He was born in Sahel Selim on 1877 (Note: Another sources gives his birth day as 4 April 1878.) to a wealthy large landowning Egyptian family. His father helped found the Umma party in 1907. He was later educated Balliol College, Oxford. Throughout his political career, he served as governor of Fayyum, the Suez Canal district and Buhayra. He was a member of the Wafd party during the 1919 Egyptian revolution, and was exiled to the Seychelles alongside the Wafd party founder Saad Zaghloul. In the Wafd, he was a member of the original high command and of the second high command following the deportation of the first one. He later split from the Wafd in 1921 due to his support for Adly Yakan and helped found the Liberal Constitutional Party, serving as its first vice-president. He later became leader of the party in 1926, formally becoming president in 1928.
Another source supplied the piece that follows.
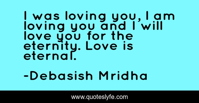 This page presents the quote "I was loving you, I am loving you and I will love you for the eternity. Love is eternal.". Author of this quote is Debasish Mridha. This quote is about life, love, knowledge, inspirational, intelligence, philosophy, wisdom, quotes, affection,.
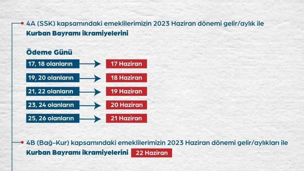Çalışma ve Sosyal Güvenlik Bakanlığından yapılan açıklama ile 17-23 Haziran tarihleri arasında emekli maaşları ve bayram ikramiyelerinin hesaplara yatırılacağı duyurulmuştu. Bu çerçevede Sosyal Güvenlik Kurumundan (SGK) yapılan bildiride 4A (SSK) kapsamındaki emeklilerden ödeme günü 17 ve 18 olanlar için ödemelerin başladığını belirtildi. Ödeme günü 19 ve 20 Haziran olanların ödemeleri ayın 18’de, ödeme günü 21 ve 22 Haziran olanların ödemeleri ayın 19’unda, ödeme günü 23, 24 olanların ödemeleri ayın 20’sinde, 25,26 olanların ödemeleri ise ayın 21’inde yapılacak.

He served in a few cabinets until becoming prime minister from 1928 to 1929. He dissolved parliament on 19 July 1928 and suspended the constitution, choosing to rule by decree. During his premiership, his government entered into negotiations with the British to seek more domestic Egyptian political control of the country. The draft treaty provided for the withdrawal of British forces from the Suez Canal, British agreement to help Egypt abolish the Capitulations system and Sudan reverting to the status quo of 1924. For the Sudan, the Anglo-Egyptian Convention of 1899 was reaffirmed, with one Egyptian battalion sent to Sudan to satisfy public opinion. He was also able to secure the 1929 Nile waters agreement, codifying Egyptian rights to the Nile. However, the British believed that any permanent treaty with Egypt required the Wafd in power, since the Wafd was the only party capable of winning free elections. In the meanwhile, the Wafd lead a campaign against Mahmoud's government; Mahmoud in response banned several newspapers including Ruz al Yusuf. These events led to Mahmoud's resignation and a Wafd victory in the 1929 Egyptian parliamentary election.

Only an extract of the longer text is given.